Anno nuovo, vecchie tariffe: il via libera da Roma non è ancora arrivato, a meno di clamorosi colpi di scena il 2014 inizierà senza variazioni sul pedaggio autostradale della Mestre-Padova. Le modifiche prima o poi ci saranno, perché la richiesta d’autorizzazione è stata inoltrata e il nuovo piano tariffario è pronto da mesi, ma per ora non ci sono certezze sulle tempistiche. Cav, la concessionaria autostradale con sede a Marghera in via Bottenigo, per ora non fa trapelare nulla. «Rimaniamo in attesa di notizie dal ministero dei Trasporti» è la posizione ufficiale della società.

Eppure da Cav filtra pure un bel po’ di imbarazzo, perché con sindaci e comitati erano stati presi degli impegni verbali che per motivi politici o burocratici non sono ancora stati rispettati.

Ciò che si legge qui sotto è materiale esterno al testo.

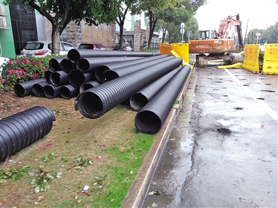 雁荡西路辅道施工的业主单位是温州高新技术产业开发区科技园投资有限公司,该项目负责人王工程师介绍,科技园整个片区的地下污水管网均已使用十年以上,原先用来排污的混凝土砼管已经破旧不堪,发生了雨污混流的现象。

Prima si era parlato di giugno 2013, poi del 1. gennaio 2014: se oggi non arriveranno direttive dell’ultimo minuto, ci troveremo di fronte a un ulteriore slittamento. La società si augura che il via libera arrivi il prima possibile, magari già nel mese di gennaio, e intende avviare per tempo un’adeguata campagna informativa senza far scattare le nuove tariffe da un giorno all’altro.

Il piano è stato illustrato ai sindaci la scorsa primavera. La tratta Mestre-Mirano resterà gratuita, Mestre-Padova Est e Mirano-Padova Est potrebbero essere uniformate a 2.70 euro (con sconti di 1.10 euro ai pendolari dotati di apposito telepass e residenti nei Comuni di Mirano, Spinea, Pianiga, Mira e Dolo). Diverrebbe così inutile la manovra del tornello, quella compiuta da molti pendolari della Mestre-Padova che escono e rientrano a Mirano per godere del pedaggio gratuito tra Mestre e Mirano.

I pendolari temono il salasso ma intanto i residenti di Vetrego, stufi del tornello e degli ingorghi alle porte della frazione, spingono per le nuove tariffe: «Vetrego merita rispetto – sbotta il consigliere comunale Giorgio Babato, vicepresidente del comitato locale – Basta con le code chilometriche che rovinano la salute e provocano esasperazione». Un gruppo di residenti è pronto a bloccare la rotonda per protesta.